О том, что случилось на испытаниях головного образца новой турбины, уже знали все, и, когда началась оперативка, Ильину не надо было рассказывать подробно, он лишь сказал, что, возможно, в аварии виноваты они, плавильщики. Малыгин, кривя рот, ехидно заметил:

— Ну конечно, кто же кроме нас? А вы, естественно, промолчали там, у директора?

— У нас с вами разные характеры, — ответил Ильин. — Я как-то не смог научиться вашему умению заранее ограждать себя от неприятностей.

Он распорядился подготовить к приезду комиссии всю документацию, вплоть до сентябрьских плавильных журналов (металл на лопатки цех дал в сентябре), и, наскоро решив текущие дела, отпустил всех, попросив остаться только Штока. О коротком разговоре у директора он рассказал ему подробно, не забыв и многозначительную реплику главного инженера. У Штока было такое страдальческое лицо, будто ему сообщили о смерти близкого человека.

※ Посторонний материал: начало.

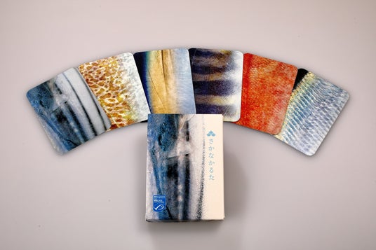 「さかなかるた」は魚の表皮(模様や色)のみで何の魚かを当てるかるたで、ウロコの凹凸感を特殊な印刷技術で再現しています。「MSCオリジナルさかなかるた」は、「さかなかるた」をアレンジし、主にMSC認証の魚種で制作したものです。
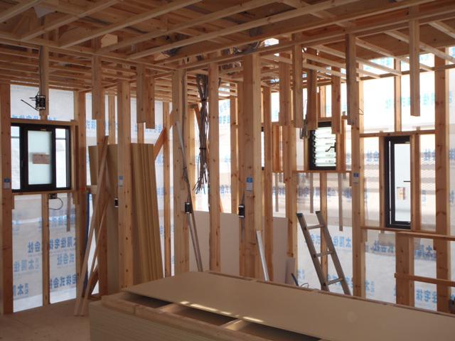 ☆先週の工事☆ 木工事(2階床下地ボード貼り、天井断熱材入れ、他) 内部電気配線・配管 JIO外装下地検査 ☆今週の予定工事☆ 木工事(2階床下地ボード貼り、天井断熱材入れ、他) 外壁工事(コーナー材スターター金具取付、サイディング貼り)

Конечно, он представлял себе, что сейчас последует: выматывающая нервы работа комиссии, груз сознания своей вины, долгое и тяжкое ожидание выводов, — хорошо еще, что авария произошла во время испытаний, а не тогда, когда началась бы промышленная эксплуатация турбины!

— Ты-то сам что думаешь по этому поводу? — спросил Шток.

Ильин грустно усмехнулся. Что он может думать? Самое первое, что придет в голову любому, даже не очень-то технически грамотному человеку, — виноват литейный цех. И самое первое, что сделает комиссия, — это запакует «винегрет» в ящики и отправит в Москву, потому что у нас в Большом городе провести экспертизу на высшем уровне негде. Там академики будут смотреть — вот что я думаю по этому поводу.

— Значит, ты допускаешь, что это, может, и мы?

— Я не Малыгин, — ответил Ильин. — Хотя где-то в душе и сомневаюсь, что здесь наша вина. У нас, слава богу, слишком строгий контроль за качеством металла. И потом, почему так скоро произошла авария? Даже если сталь была с дефектом, лопатки должны были выдержать куда большую нагрузку. Не нужен кибер, чтобы сообразить это.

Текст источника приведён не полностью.